Aims/hypothesis: To investigate the association between glycaemic control and hypertensive pregnancy complications.
Methods: From 1988 to 1997, we followed up 683 consecutive non-selected pregnancies in women with Type I (insulin-dependent) diabetes mellitus. Glycaemic control was assessed by assay of HbA1c. Pre-eclampsia was defined as diastolic blood pressure of 90 mmHg or more at the end of pregnancy after an increase of 15 mmHg or more, combined with proteinuria of 0.3 g or more for 24 h. Pregnancy-induced hypertension was defined similarly but without proteinuria. The same criteria were applied to a control group of 854 non-selected non-diabetic women.

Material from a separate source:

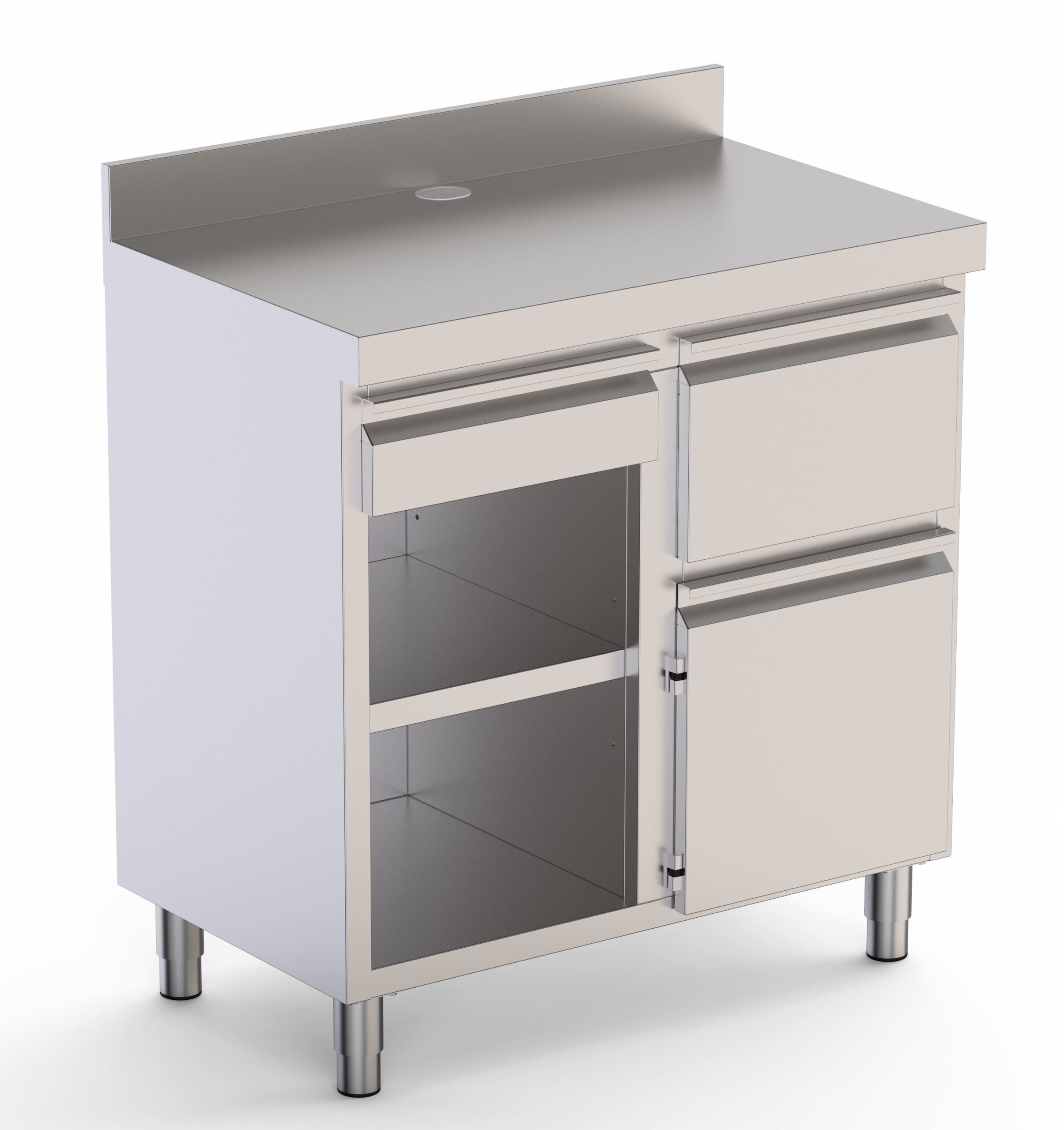 Mueble Cafetero Acero Inoxidable Con Tolva a la Derecha, 1 Estante, 1 Puerta y 1 Cajón 1000x600x1050h mm CST60100D2SRB

Results: Pre-eclampsia developed in 12.8% of the women with diabetes (excluding those with nephropathy before pregnancy) and in 2.7% of the control women (odds ratio 5.2; 95% CI 3.3-8.4). In multiple logistic regression, glycaemic control, nulliparity, retinopathy and duration of diabetes emerged as statistically significant independent predictors of pre-eclampsia. The adjusted odds ratios for pre-eclampsia were 1.6 (95% CI 1.3-2.0) for each 1% increment in the HbA1c value at 4-14 (median 7) weeks of gestation and 0.6 (0.5-0.8) for each 1% decrement achieved during the first half of pregnancy. Changes in glycaemic control during the second half of pregnancy did not significantly alter the risk of pre-eclampsia. Unlike pre-eclampsia, the risk of pregnancy-induced hypertension was not associated with glycaemic control.
Conclusion/interpretation: In women with Type I diabetes, poor glycaemic control is associated with an increased risk of pre-eclampsia but not with a risk of pregnancy-induced hypertension.